6 Сухотина-Толстая Татьяна Львовна (1864-1950) — мемуарист и художник, старшая дочь Л. H Толстого. В Риме ВИ и Сухотину связывала дружба, в 1944 г. Сухотина создала портрет ВИ, а поэт посвятил дочери Толстого стих-ние ‘Гляжу с любовию на Вас…’ (III, 857-8). По просьбе Сухотиной ВИ написал Предисловие к ее Дневнику (III, 603-610, 777-781).
7…рассказывал, как он фабриковал взрывчатые вещества.— В ‘Автобиографическом письме’ (1917) ВИ признавался, что считал революционеров-народовольцев ‘героями и мучениками’ (2, с. 13), однако подобное прямое участие в их деятельности крайне сомнительно.

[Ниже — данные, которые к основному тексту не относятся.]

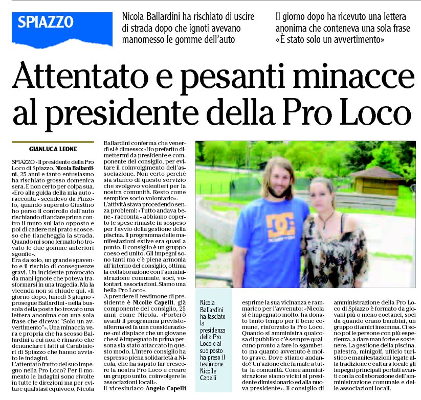 Non riuscira’ mai a comprendere l’amarezza con cui stamani (ieri ndr), aprendo il giornale, ho letto la notizia riguardante il caso di Nicola Ballardini, presidente della Pro Loco di Spiazzo.

8…впечатления у него остались от этого вечера не особенно добрые.— Встреча с французским поэтом и переводчиком Ж. Шузвилем (Jean Chuzeville) в Риме произошла 18 декабря 1938 г.

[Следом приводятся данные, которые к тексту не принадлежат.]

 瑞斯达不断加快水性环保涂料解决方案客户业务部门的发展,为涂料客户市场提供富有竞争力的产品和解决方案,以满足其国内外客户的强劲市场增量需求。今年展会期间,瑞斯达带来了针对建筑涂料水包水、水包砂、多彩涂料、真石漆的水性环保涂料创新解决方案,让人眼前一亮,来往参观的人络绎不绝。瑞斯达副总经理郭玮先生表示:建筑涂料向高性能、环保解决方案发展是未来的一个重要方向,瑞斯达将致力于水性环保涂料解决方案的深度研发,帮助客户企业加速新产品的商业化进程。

9Неклюдов Анатолий Васильевич (1856-1943) — русский дипломат, тайный советник (1916), автор воспоминаний.
10…видел, говорит, сегодня самого Цезаря! — Так Мережковский и Гиппиус именовали Б. Муссолини. Отношение ВИ и его близких к этому временному увлечению Мережковских можно увидеть на страницах семейного юмористического журнала — его ‘издавали’ в 1 экз. сын и дочь поэта — где пародировался рассказ Мережковского о его свидании с вождем: ‘Стоять без риз… Я и Цезарю это предлагал сделать, но он как то таким странным взглядом на меня посмотрел. Не понял. Он ведь еще дитятя совсем, совсем малое!’ (вкладыш между страницами 416 и 417 в издании: ‘Символ’. No 53-54. 2008).
11 ‘Es war kein Gnie, aber doch ein genialer Mensch’ — букв.: ‘Он был не гением, но все же гениальный человек’ (нем.).

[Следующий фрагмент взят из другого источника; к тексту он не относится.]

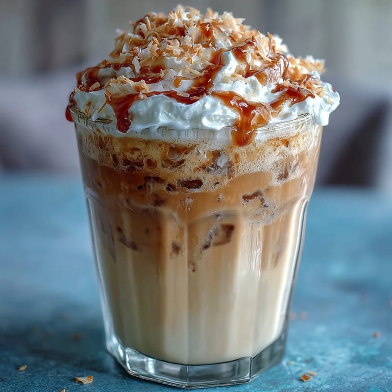 Save to Pinterest Experience the perfect summer refreshment with this Iced Vanilla Bean Frappuccino topped with luscious toasted coconut foam. Combining the rich flavors of real vanilla bean and strong brewed coffee, this creamy beverage is blended with ice for a frosty delight. The crowning touch—an airy, toasted coconut milk foam—adds a tropical twist that makes every sip irresistible and perfect for warm days.
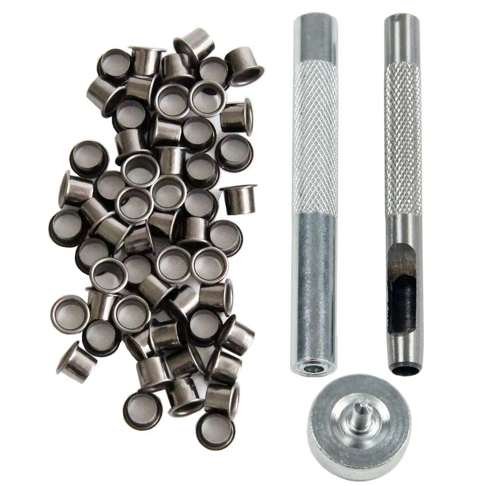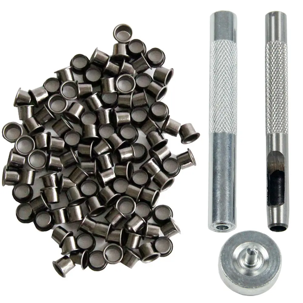 Eyelet Hole Punch Tool Kit with 50 eyelets 6mm 7mm Gunmetal Finish for DIY Kydex Sheath Kydex Eyelet

12Его поэма о ‘Человеке’, написанная в последние годы его жизни…— Ошибка мемуариста: поэма ‘Человек’, изданная в Париже в 1939 г., была написана в 1915-1919 гг.
13…’Я в море бросил мой алмаз!’.— Цитата воспроизведена неточно. В оригинале: ‘Я в море кинул свой алмаз!’ (Блок. СС: В 8 т. Т. 3. С. 215).
14…смерть в 1950 г. застигла его.— Ошибка мемуариста: поэт умер в 1949 г.